Realtors, as is their wont, have remained confident that once these one-time factors have been taken on board by buyers and sellers, prices and activity will stabilize and then start to move higher again, likely by the middle of this year.  Market data for March, just released by the Canadian Real Estate Association, cast a long shadow over that rosy scenario.  Home sales agreed in March fell 22.7 percent from a year ago, with Montreal and Ottawa the only major cities posting gains. Sales for the first quarter as a whole were the lowest for any quarter since 2014. 

In terms of prices, the national average fell 10.4 percent, led by the Toronto and Vancouver markets.  Unsurprisingly these are the cities that led the prior unsustainable run-up in prices, and both have been targeted by their Provincial governments with measures aimed at cooling the market.  Excluding those cities, the national average home price is down by a much more modest 2 percent year-on-year.

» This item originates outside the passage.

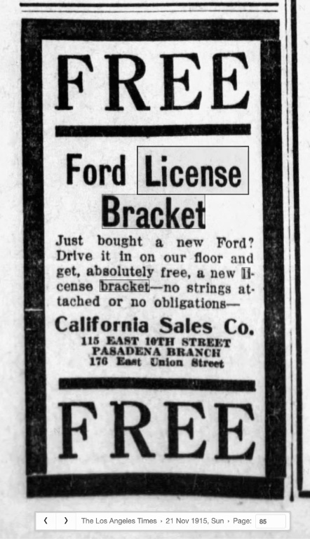 The 1916 California plates are smaller, and I think the state's network of Ford dealers may have lobbied for this in some way. With nearly half the cars in the state Fords, they had considerable clout. Auto supply stores advertised license brackets for Fords, but with no clear evidence for the rear bracket design, if any.

Before we draw too many conclusions about the outlook for the rest of the year, it is worth recalling that the winter months are traditionally by far the slowest all across Canada for the housing market, for obvious reasons.  Sales generally pick up once the snow melts.  However, the normal seasonal  rebound may be late in arriving this year, as temperatures from the Rockies to the St Lawrence have been far colder than usual for the last several weeks. 

Even when warmer temperatures finally arrive, it may take some time before prospective buyers forget the key lessons that the past year's market action should have imparted: prices can go down as well as up, and sometimes you can score a better deal just by waiting a while.  Remarkably, and in defiance of precedent, it looks as if the authorities may have found a way to prick a housing bubble without triggering an outright collapse.